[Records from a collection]
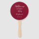 Programa del día de la boda impreso en un ventilador de estilo redondo que presenta un fondo de color rojo de arándano a la moda en la parte delantera con los nombres de novias y novios en escritura blanca y estilizada. En la parte posterior del programa se enumeran los participantes de la fiesta de boda y los ritos de ceremonia sobre un fondo blanco con letras grises oscuras. Edite el ventilador de la mano y reemplace la información del programa de bodas con la suya. ¡Ideal para una ceremonia de boda en el interior o al aire libre! Seleccione el número de programas de ventilador manual que desee.
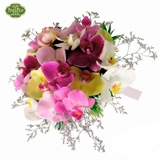 Buquê de noiva de callas vinho, orquídeas phaleonopsis pink e outras flores nobres.
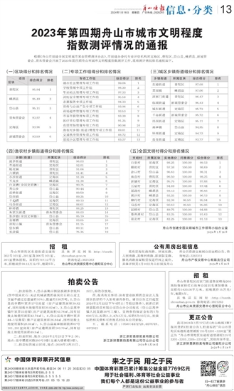 2023年第四期舟山市城市文明程度指数测评情况的通报
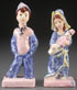 PAIR OF SUSIE SINGER CALIFORNIA ART POTTERY FIGURES, 20TH CENTURY. Modeled as a standing young boy and girl holding dollin variegated pink and blue glaze, inscribed on blue vase "SS 106" and "107." The largest 9.5 inches (24 cm).
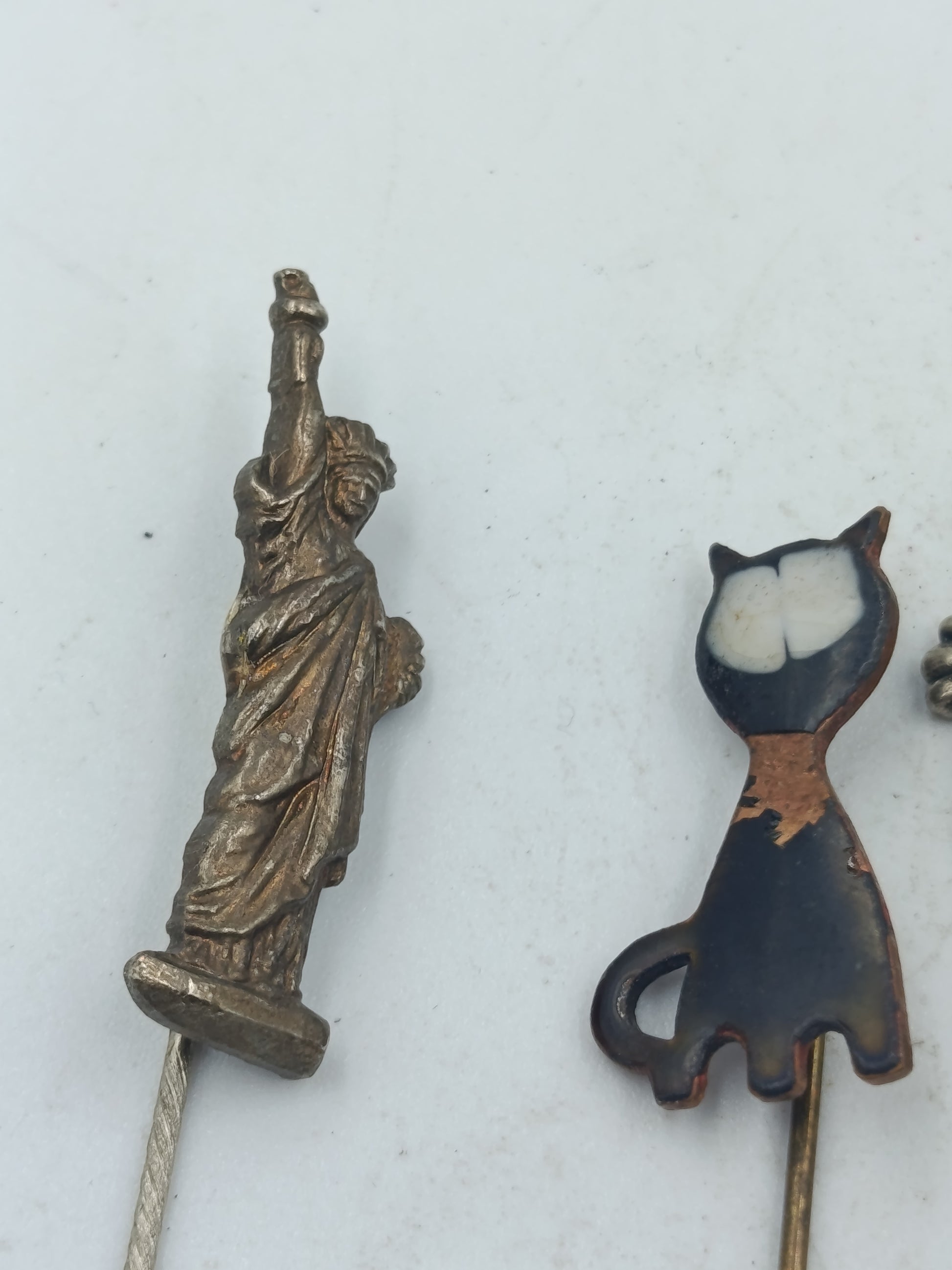 Dekoratives Set aus fünf Sammlernadeln mit Figuren Tier und maritimen Motiven im Vintage Stil
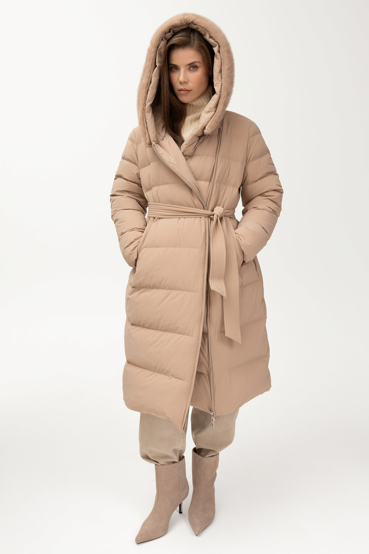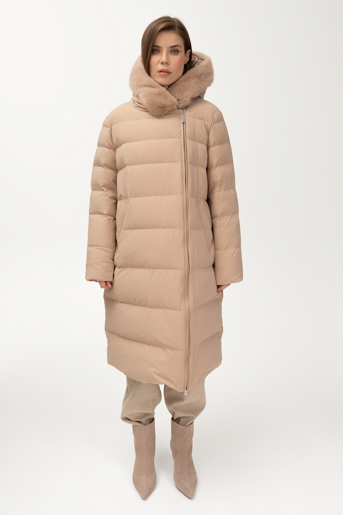 578.FWAA.017S пальто женское с мехом норка MOKKO
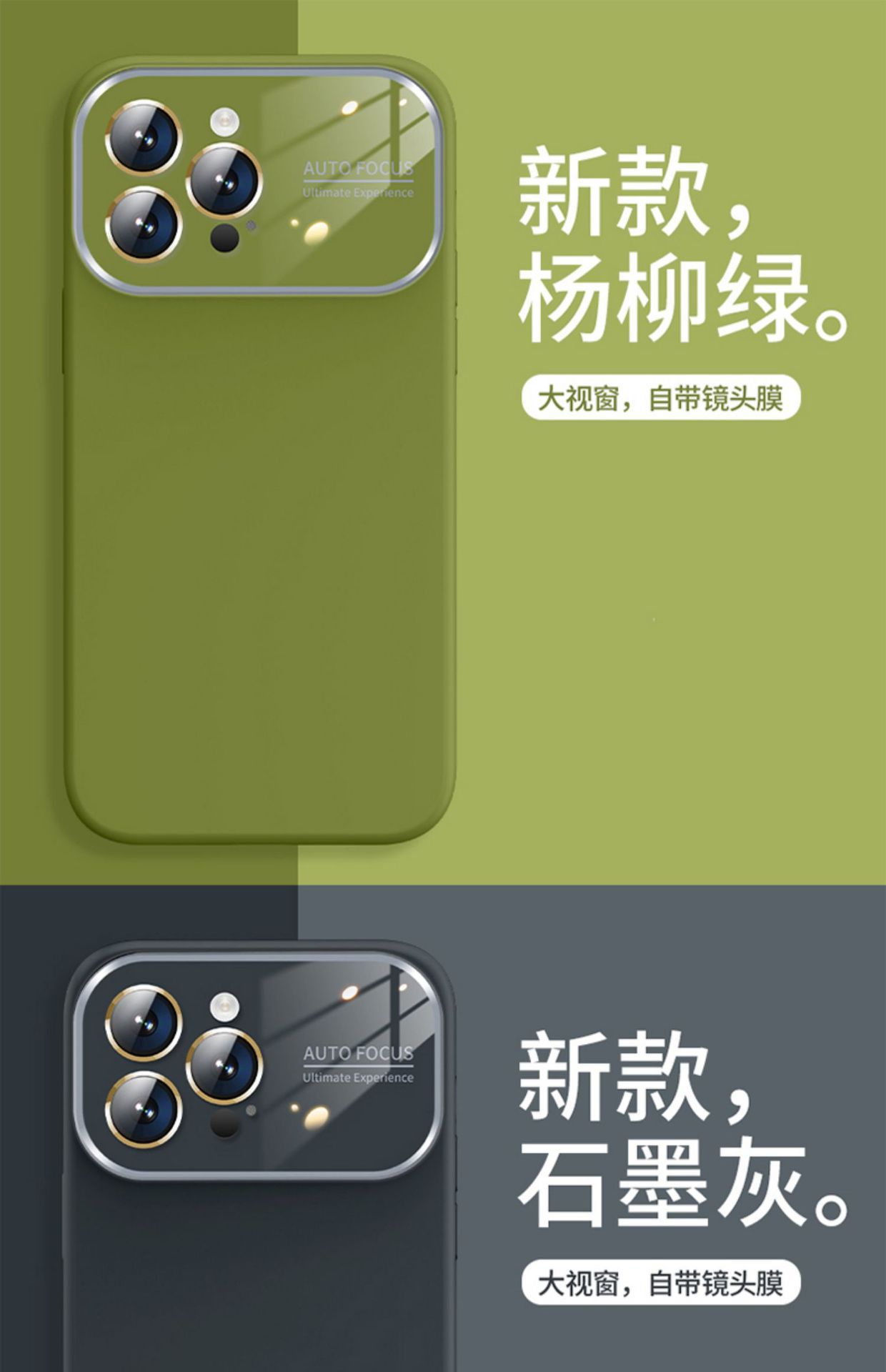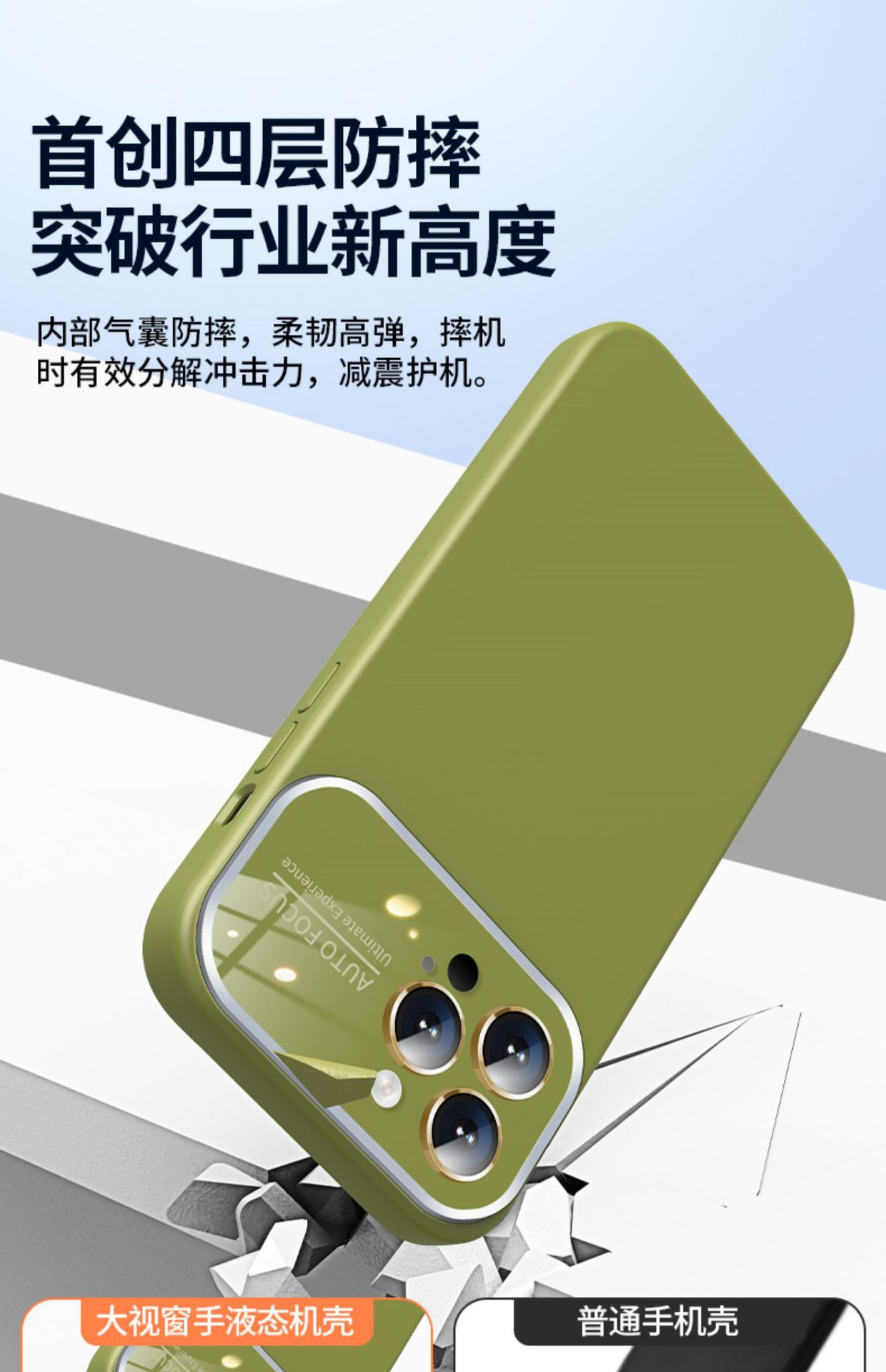 액체 대형 창이 있는 애플 17프로맥스 휴대폰 케이스, 아이폰16 렌즈 필름 포함 실리콘 보호 케이스 15
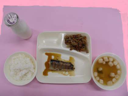 今日の献立は「さんまのさんしょう焼き、すまし汁、ごぼうのみそ豆煮」でした。
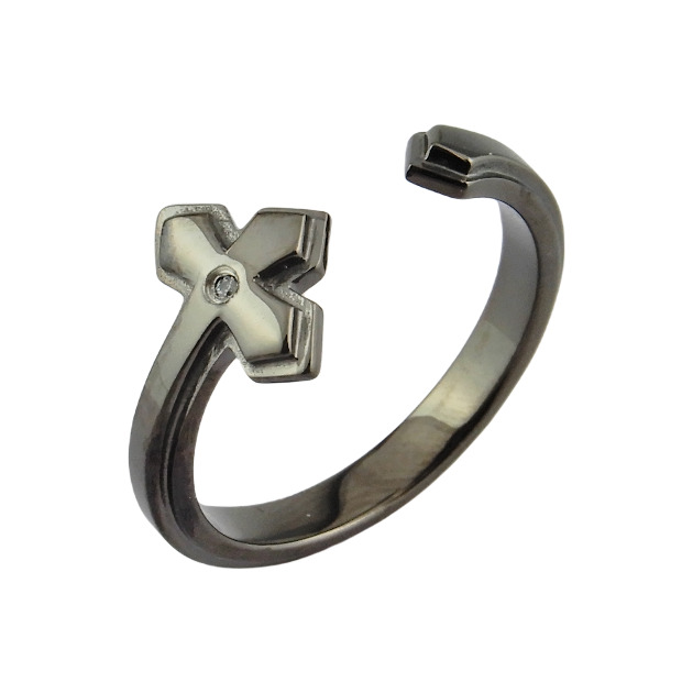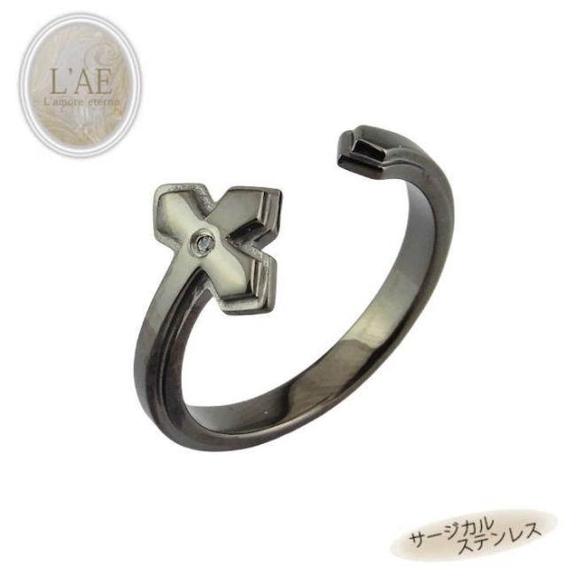リング 指輪 刻印 名入れ アイアンクロス ジルコニア 金属アレルギー対応 アクセサリー ブラック 黒 メンズ 錆びない アクセサリー ジュエリー プレゼント ギフト 誕生日 記念日
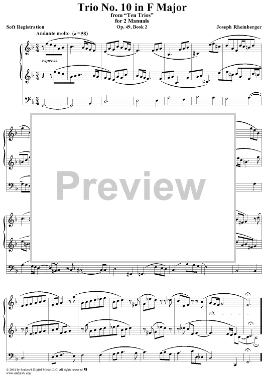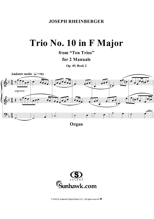 Digital Sheet Music for Trio No. 10 in F Major from "Ten Trios", Op. 49, Book 2 by Joseph Rheinberger scored for Organ Solo; id:303139
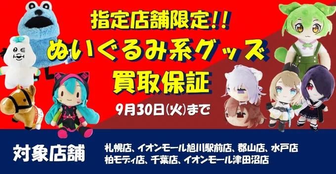 【らしんばん郡山店/キャンペーン情報】 9月30日までの期間中、 人気のキャラクターグッズのぬいぐるみ買取保証キャンペーンを実施!🔥 パペットスンスンなど強化価格でお買取りいたします!🙌 お持ち込みお待ちしております🙇 👇対象作品はこちら lashinbang.com/news/9854/
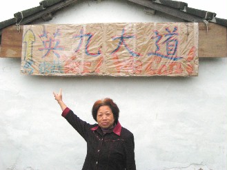 苗栗马家庄暴红,有民众在家门外挂上“英九大道”路标。(联合报图)
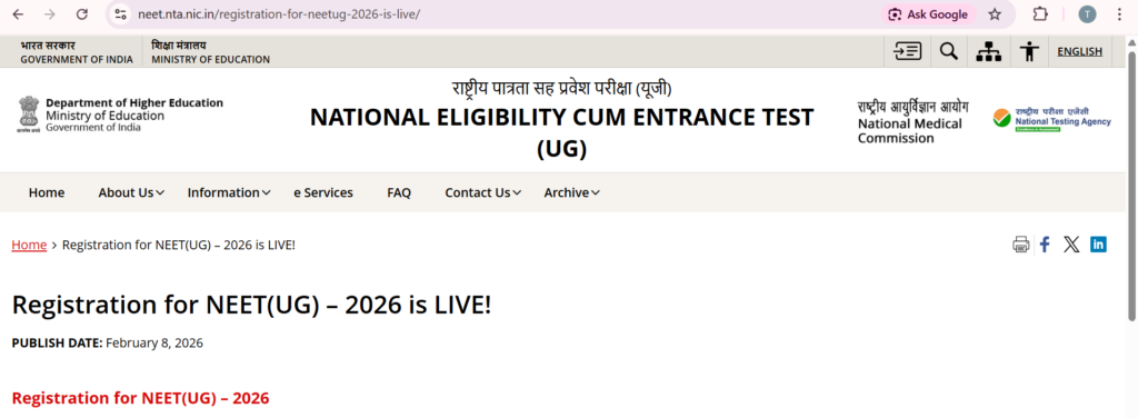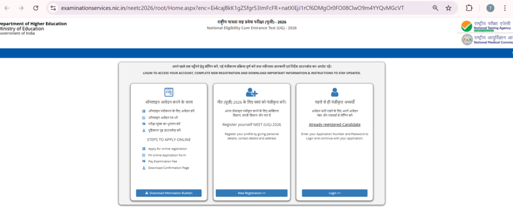 फिर आपको Registration for NEET (UG)-2026 is LIVE! पर क्लिक करना होगा | क्लिक करने के बाद ये इंटरफ़ेस देखने को मिलेगा |
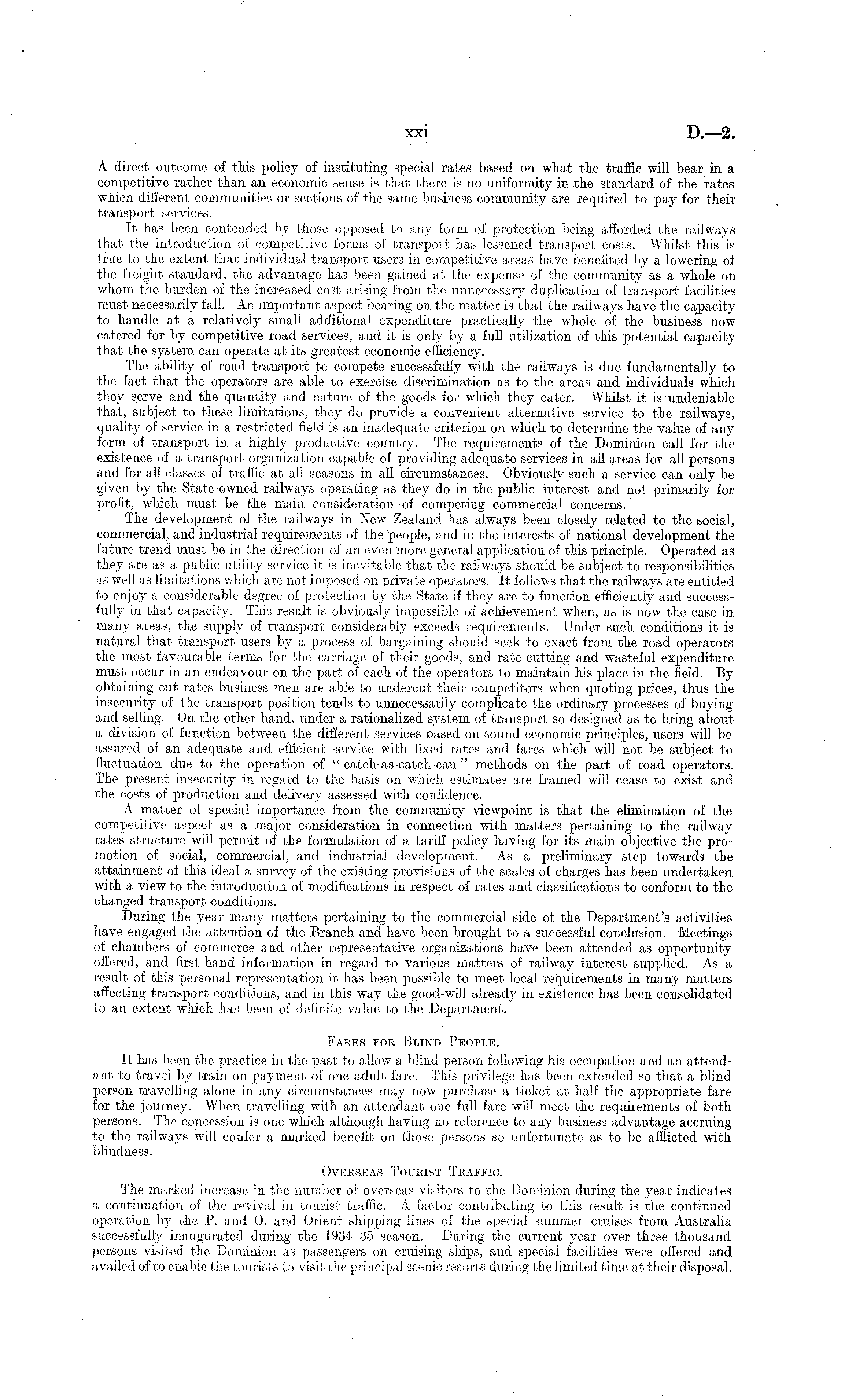 A direct outcome of this policy of instituting special rates based on what the traffic will bear in a competitive rather than an economic sense is that there is no uniformity in the standard of the rates which different communities or sections of the same business community are required to pay for their transport services. It has been contended by those opposed to any form of protection being afforded the railways that the introduction of competitive forms of transport has lessened transport costs. Whilst this is true to the extent that individual transport users in competitive areas have benefited by a lowering of the freight standard, the advantage has been gained at the expense of the community as a whole on whom the burden of the increased cost arising from the unnecessary duplication of transport facilities must necessarily fall. An important aspect bearing on the matter is that the railways have the capacity to handle at a relatively small additional expenditure practically the whole of the business now catered for by competitive road services, and it is only by a full utilization of this potential capacity that the system can operate at its greatest economic efficiency. The ability of road transport to compete successfully with the railways is due fundamentally to the fact that the operators are able to exercise discrimination as to the areas and individuals which they serve and the quantity and nature of the goods for which they cater. Whilst it is undeniable that, subject to these limitations, they do provide a convenient alternative service to the railways, quality of service in a restricted field is an inadequate criterion on which to determine the value of any form of transport in a highly productive country. The requirements of the Dominion call for the existence of ā transport organization capable of providing adequate services in all areas for all persons and for all classes of traffic at all seasons in all circumstances. Obviously such a service can only be given by the State-owned railways operating as they do in the public interest and not primarily for profit, which must be the main consideration of competing commercial concerns. The development of the railways in New Zealand has always been closely related to the social, commercial, and industrial requirements of the people, and in the interests of national development the future trend must be in the direction of an even more general application of this principle. Operated as they are as a public utility service it is inevitable that the railways should be subject to responsibilities as well as limitations which are not imposed on private operators. It follows that the railways are entitled to enjoy a considerable degree of protection by the State if they are to function efficiently and successfully in that capacity. This result is obviously impossible of achievement when, as is now the case in many areas, the supply of transport considerably exceeds requirements. Under such conditions it is natural that transport users by a process of bargaining should seek to exact from the road operators the most favourable terms for the carriage of their goods, and rate-cutting and wasteful expenditure must occur in an endeavour on the part of each of the operators to maintain his place in the field. By obtaining cut rates business men are able to undercut their competitors when quoting prices, thus the insecurity of the transport position tends to unnecessarily complicate the ordinary processes of buying and selling. On the other hand, under a rationalized system of transport so designed as to bring about a division of function between the different services based on sound economic principles, users will be assured of an adequate and efficient service with fixed rates and fares which will not be subject to fluctuation due to the operation of " cateh-as-catch-can " methods on the part of road operators. The present insecurity in regard to the basis on which estimates are framed will cease to ex-ist and the costs of production and delivery assessed with confidence. A matter of special importance from the community viewpoint is that the elimination of the competitive aspect as a major consideration in connection with matters pertaining to the railway rates structure will permit of the formulation of a tariff policy having for its main objective the promotion of social, commercial, and industrial development. As a preliminary step towards the attainment of this ideal a survey of the existing provisions of the scales of charges has been undertaken with a view to the introduction of modifications in respect of rates and classifications to conform to the changed transport conditions. During the year many matters pertaining to the commercial side of the Department's activities have engaged the attention of the Branch and have been brought to a successful conclusion. Meetings of chambers of commerce and other representative organizations have been attended as opportunity offered, and first-hand information in regard to various matters of railway interest supplied. As a result of this personal representation it has been possible to meet local requirements in many matters affecting transport conditions, and in this way the good-will already in existence has been consolidated to an extent which has been of definite value to the Department. Fares for Blind People. It has been the practice in the past to allow a blind person following his occupation and an attendant, to travel by train on payment of one adult fare. This privilege has been extended so that a blind person travelling alone in any circumstances may now purchase a ticket at half the appropriate fare for the journey. When travelling with an attendant one full fare will meet the requirements of both persons. The concession is one which although having no reference to any business advantage accruing to the railways will confer a marked benefit on those persons so unfortunate as to be
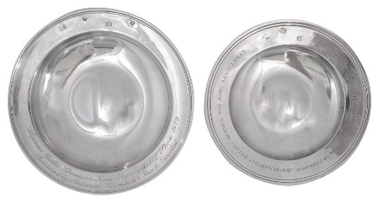 Two modern presentation prize silver armada dishes

ACTIVITY: Repeat the records above exactly, from the first line through the line containing "リング 指輪 刻印 名入れ", and leave out the pictures.

RESULT:
 Programa del día de la boda impreso en un ventilador de estilo redondo que presenta un fondo de color rojo de arándano a la moda en la parte delantera con los nombres de novias y novios en escritura blanca y estilizada. En la parte posterior del programa se enumeran los participantes de la fiesta de boda y los ritos de ceremonia sobre un fondo blanco con letras grises oscuras. Edite el ventilador de la mano y reemplace la información del programa de bodas con la suya. ¡Ideal para una ceremonia de boda en el interior o al aire libre! Seleccione el número de programas de ventilador manual que desee.
 Buquê de noiva de callas vinho, orquídeas phaleonopsis pink e outras flores nobres.
 2023年第四期舟山市城市文明程度指数测评情况的通报
 PAIR OF SUSIE SINGER CALIFORNIA ART POTTERY FIGURES, 20TH CENTURY. Modeled as a standing young boy and girl holding dollin variegated pink and blue glaze, inscribed on blue vase "SS 106" and "107." The largest 9.5 inches (24 cm).
 Dekoratives Set aus fünf Sammlernadeln mit Figuren Tier und maritimen Motiven im Vintage Stil
 578.FWAA.017S пальто женское с мехом норка MOKKO
 액체 대형 창이 있는 애플 17프로맥스 휴대폰 케이스, 아이폰16 렌즈 필름 포함 실리콘 보호 케이스 15
 今日の献立は「さんまのさんしょう焼き、すまし汁、ごぼうのみそ豆煮」でした。
リング 指輪 刻印 名入れ アイアンクロス ジルコニア 金属アレルギー対応 アクセサリー ブラック 黒 メンズ 錆びない アクセサリー ジュエリー プレゼント ギフト 誕生日 記念日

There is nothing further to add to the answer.